In accordance with the invention, network entities maintain one or more queues corresponding to different classes of priorities and/or delay sensitive data streams. The entity is configured with a mapping that converts a TTL value to a corresponding priority. The packet is then placed in the appropriate queue in accordance with its priority. Packets are retrieved from the queues and processed in order of priority. A minimum allocation of processor resources, however, is assigned to each queue.
After processing, the time the packet spent in the entity is calculated and subtracted from the TTL field. The packet is then forwarded to the next hop along the path.
Note that the present invention is effective to dynamically assign a priority to the individual packets within a data stream belonging to a particular session. The priority is dynamically assigned based on the level of congestion experienced by the individual packet along the path. Prior art protocols cannot assign different priorities to individual packets on a dynamic basis. Existing protocols such as RSVP assign priority on a session basis where the same priority is assigned to the entire data stream for that session.
There is provided in accordance with the present invention a method for dynamically prioritizing time sensitive packets for transmission over a packet based network, the method comprising the steps of adding, at an originator of the packet, a time to live (TTL) value field to time sensitive packets wherein the TTL value is set to an initial value, determining, at each network entity along the path, a priority level for each time sensitive packet received, the priority level determined in accordance with the TTL value extracted from the packet, distributing each time sensitive packet to one of a plurality of queues in accordance with the priority associated with the packet and replacing the TTL value field in the packet with the previous TTL value modified to reflect the time the packet spent in the current network element.

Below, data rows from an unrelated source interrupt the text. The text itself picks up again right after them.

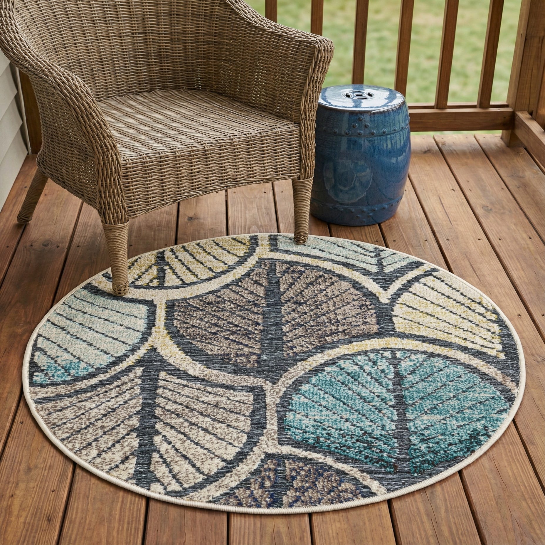 A round gray, blue, and ivory rug with a modern leaf-like pattern, suitable for indoor or outdoor use.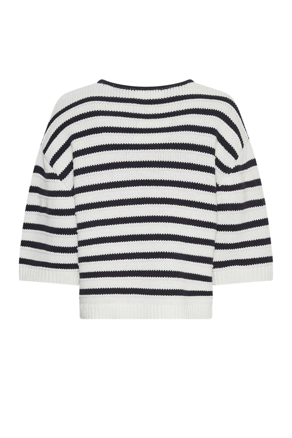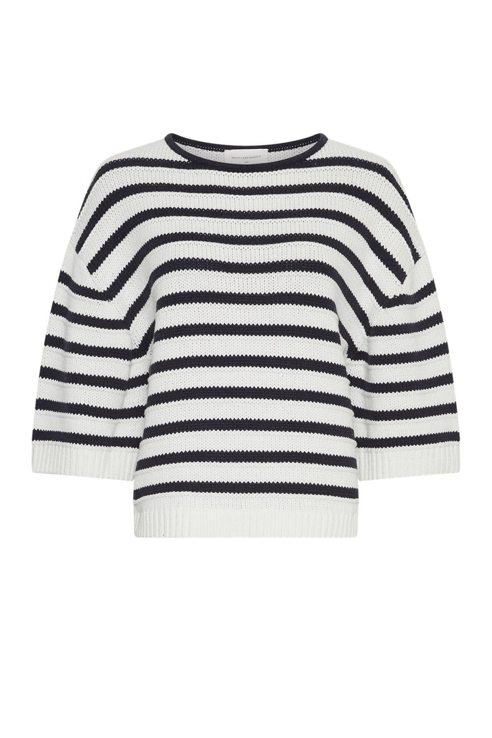 De pullover van het merk Moss Copenhagen is een grofgebreide trui met een comfortabele pasvorm. De trui heeft een ronde halslijn, driekwart mouwen en een streeppatroon in blauw en wit.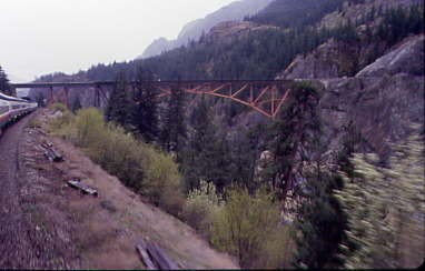 Our train then went under Canadian National's bridge, a truss arch bridge, 810 feet long and 220 feet high with its northwest abutting into a near-vertical rock face. The southeast end of the bridge crosses the CPR tracks about 330 feet north of the CPR bridge. In other words, the railroads switched sides of the canyon. This was necessary because the Canadian Pacific built through the canyon first and took the easier route, with the Canadian Northern building through here on the other side of the canyon. Canadian National did have the advantage of more modern construction methods. Cisco was a truly spectacular place.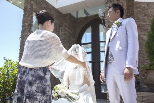 ①つ目は【アフェクションベール】挙式のご入場の前に、これから新しい家族に向かう愛娘へ「幸せになってね」と、お母様から愛情が包みこまれたベールをかぶせて頂き、感動の挙式がスタート!

There is also provided in accordance with the present invention an apparatus for dynamically prioritizing packets in a network entity according to their sensitivity to time delays comprising means for adding, at an originator of the packet, a time to live (TTL) value field to time sensitive packets wherein the TTL value is set to an initial value, means for determining a priority level for each time sensitive packet received by the network entity, the priority level determined in accordance with the TTL value associated with the packet, a plurality of queues for holding time sensitive packets, the plurality of queues divided into a plurality of groups, each group corresponding to a different priority level, a distributor adapted to place each time sensitive packet into one of the plurality of queues in accordance with the priority associated with the packet and means for replacing the TTL value field in the packet with the previous TTL value modified to reflect the time the packet spent in the network element.